Henry berpandangan senakal apapun anak, jika berhadapan dengan hukum tetap harus diberikan hak mendapatkan pendampingan hukum.
"Saya sangat apresiasi kepada polisi yang menangkap delapan warga pelaku penganiayaan anak. Semestinya memperlakukan anak tidak dengan cara kekerasan dan bertindak seolah-olah mereka bisa bertindak sebagai hakim pengadil," kata Henry dalam keterangannya, Senin, 23 Desember 2024.
"Sekalipun anak KM diduga telah mencuri barang-barang warga, tapi tindakan warga dengan cara barbar justru bertentangan dengan hukum dan perundang-undangan," sambungnya.
Pria yang pernah berkontestasi sebagai caleg DPR RI di Jawa Tengah ini menilai masyarakat Jawa memiliki kearifan lokal untuk mengatasi konflik semacam itu.
"Jika masih bocah, harus dibedakan antara kenakalan dan kejahatan. Dulu, ketika ada anak mencuri mangga tetangga, maka sanksi yang diberikan adalah pemilik mangga akan menemui orang tuanya dan menceritakan yang terjadi, kemudian si anak akan dipanggil dan diberi hadiah mangga," kata dia.
Hal ini, sambung Henry, selain sebagai sindiran juga pesan moral, juga memiliki arti semua hal bisa dibicarakan baik-baik. Terlebih usia anak masih dalam perlindungan hukum negara.

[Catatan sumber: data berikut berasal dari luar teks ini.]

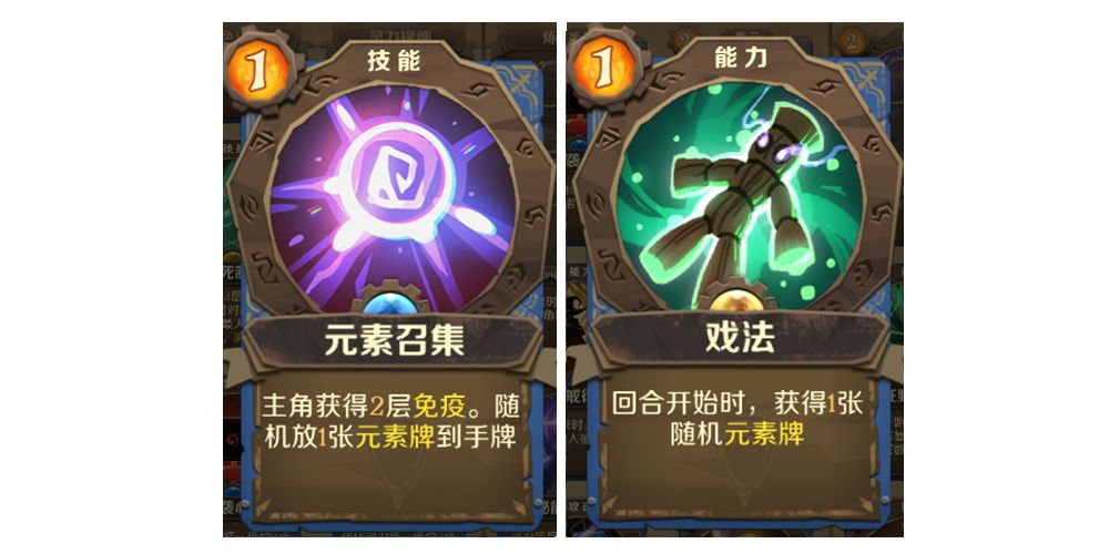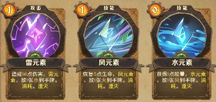 元素卡是“水→风→火→铁→雷→水”的循环生成,其中水元素负责回能量,风元素负责回血量,雷元素负责主要输出

"Dalam khasanah budaya Jawa dikenal istilah wirang. Ini bukan hanya sekadar malu. Namun efeknya lebih dari malu. Biasanya anak-anak yang nakal itu, akan dibuat wirang. Wirang itu jadi sanksi sosial yang justru upaya terakhir dalam penegakan aturan masyarakat, agar pelaku tidak mengulangi tindakan yang melanggar kepantasan dan kepatutan. Obat terakhir agar anak-anak tidak mengulangi tindakan nakal," paparnya .
Henry menuturkan, jika seseorang sudah merasa wirang, ia akan merasa diawasi banyak orang. Saat itulah diharapkan kemudian bisa berubah.
Namun berkaca dari kasus KM yang dituduh suka mencuri, maka yang perlu diperhatikan kondisi psikologisnya.
"Mungkin saja ia mengidap kleptomania. Atau lihat juga pergaulan dan latar belakang keluarganya. Bisa jadi ada masalah yang belum terungkap. Maka kewajiban penyidik pun yang mengungkapkannya," jelas dia.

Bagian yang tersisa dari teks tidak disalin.